July 07, 2003

A RABBI PRAYS FOR THE SECOND COMING

What incredible chutzpah and poor taste for a Jew – a rabbi, yet – to play arbiter of Christian doctrine and propriety. Nonetheless, here goes:

I am not a professing Christian, but I am a student of the Christian Bible who is particularly engaged by “what Jesus said,” unadulterated by the overlay of Paul and the early Church Fathers. As I read “what Jesus said,” I find myself praying for the Second Coming – if only so that Jesus could straighten out the account with one Reverend Jerry Falwell.

Were Falwell’s attack on Tinky-Winky as lurking homosexual menace an isolated gaffe, we could always say, “Oh well, even the smartest folks have the right to say something stupid every once in a while.” But Falwell’s ministry has stood for a long, consistent stream of tirades against imaginary bogeymen. It has been consistently bereft of appeals for social justice and a championing of the poor, the oppressed, the spat-upon. It has been long on xenophobia and us-versus-them dichotomies, and conspicuously short on Golden Rule and Beatitudes.

Call me naïve, but I can hear Jesus pressing the case to Falwell: “Jerry, your lack of charity and compassion are troubling enough. But, you are one of the few personalities who has the ‘stuff’ to captivate media attention and public interest. And then you piddle it away by shooting at a purple puff-dolly, when you could be using your influence to do such immeasurable good. That, Jerry, is truly intolerable.”

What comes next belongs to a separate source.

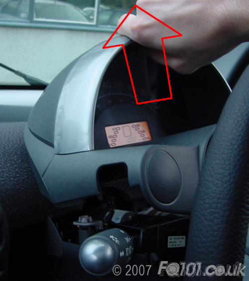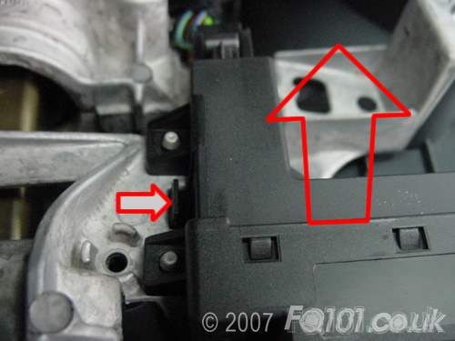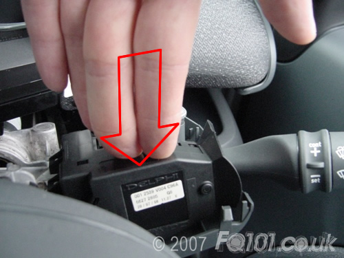 Move the speedo back out of the way. You can disconnect it if it makes it any easier to work. To remove the wiper stalk from the car, push the retaining clip in - you will hear it click. Pull the stalk upwards until it is free. You may need to gently persuade it with a screwdriver.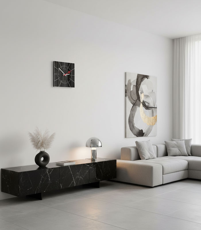 این ساعت شیشه‌ای را می‌توان با آینه‌ها، تابلوهای مدرن و اکسسوری‌های مینیمال ترکیب کرد تا دیوار شما جلوه‌ای لوکس و مدرن پیدا کند.

I know, I know. The Fundamentalists would say that at the Second Coming, Jesus would hand me a “go straight to hell” card. But from what I have read, I have to believe that Jesus would put the likes of me – literally or figuratively – on the back burner while he took care of tin-whistle demagogues who would not know “the poor in spirit, the meek, the mourners, the just, the merciful, the clean of heart, the peacemakers, the sufferers of persecution” if they bit them on the nose.

So, come on down from your acropolis, Reverend Falwell. Spend some time in a soup kitchen, a homeless shelter, an AIDS hospice. And then use that imposing public persona of yours to advocate love of neighbor commensurate with love of self. It would do your soul – and our spirits – immeasurable good.